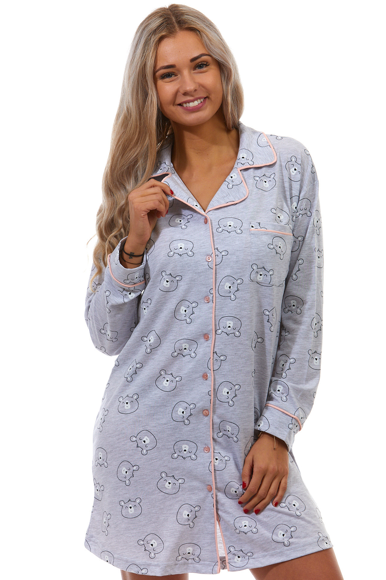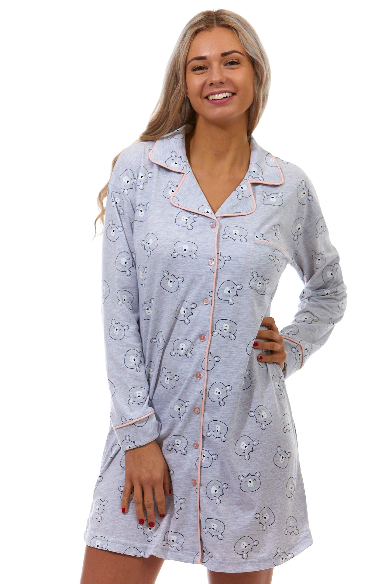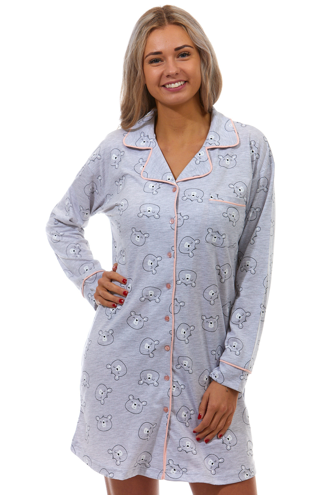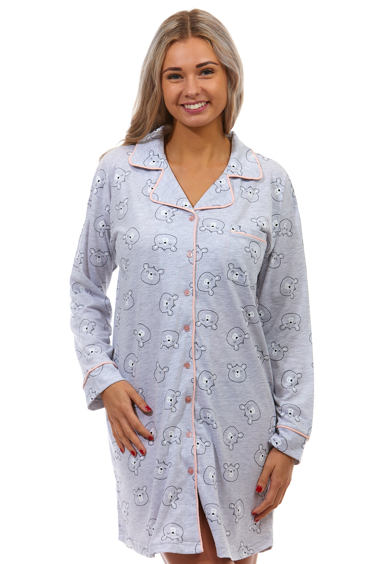 Šedá i růžově lemovaná elegantní košilka, pro kojící celopropínací s medvídky 1C3464
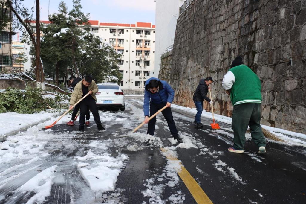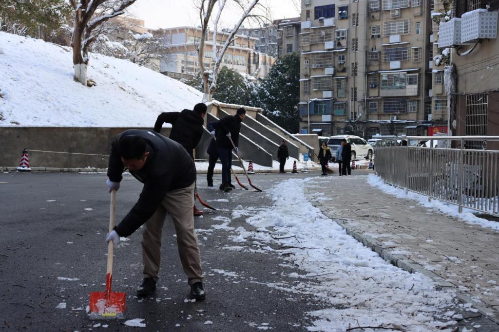 1月22日,长沙迎来了2024年第一场大降雪。一夜之间,漫天大雪银装素裹,虽装饰了大地、滋润了万物,但气温骤降,路面积雪迅速结冰,给大家的出行带来了极大不便。为清除道路安全隐患,检测公司党支部坚守为民服务初心,充分发挥战斗堡垒作用,组织党员开展扫雪除冰活动,全力保障职工及附近居民的出行安全。消除教职工及家属们出行安全隐患。
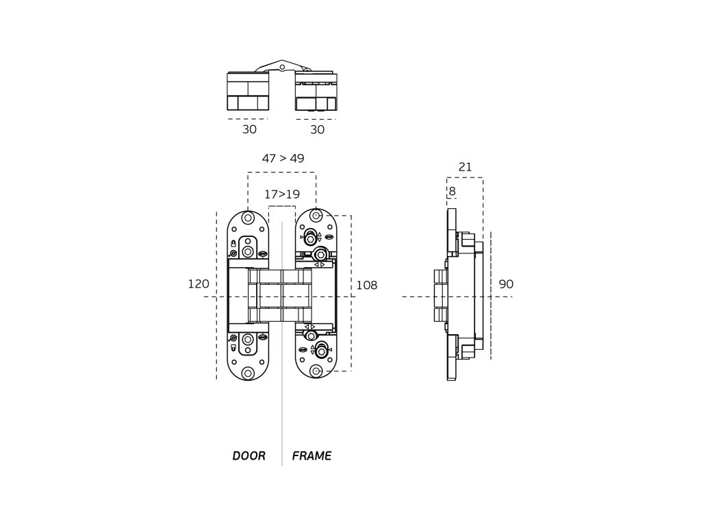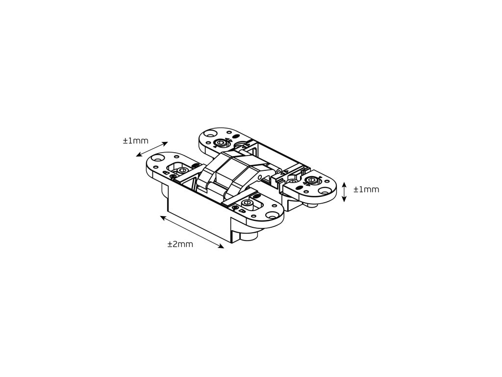 Skrytý 3D záves IN.05.064 je vyrobený zo zliatiny zinku s povrchovou úpravou. Kompletne 3D nastaviteľný záves pre bezfalcové dvere s masívnou drevenou, obložkovou, oceľovou alebo hliníkovou zárubňou.
---
> What is being asked: Your copy of the data should match it exactly, apart from the images, which are omitted.

> Answer space:
 Šedá i růžově lemovaná elegantní košilka, pro kojící celopropínací s medvídky 1C3464
 1月22日,长沙迎来了2024年第一场大降雪。一夜之间,漫天大雪银装素裹,虽装饰了大地、滋润了万物,但气温骤降,路面积雪迅速结冰,给大家的出行带来了极大不便。为清除道路安全隐患,检测公司党支部坚守为民服务初心,充分发挥战斗堡垒作用,组织党员开展扫雪除冰活动,全力保障职工及附近居民的出行安全。消除教职工及家属们出行安全隐患。
 Skrytý 3D záves IN.05.064 je vyrobený zo zliatiny zinku s povrchovou úpravou. Kompletne 3D nastaviteľný záves pre bezfalcové dvere s masívnou drevenou, obložkovou, oceľovou alebo hliníkovou zárubňou.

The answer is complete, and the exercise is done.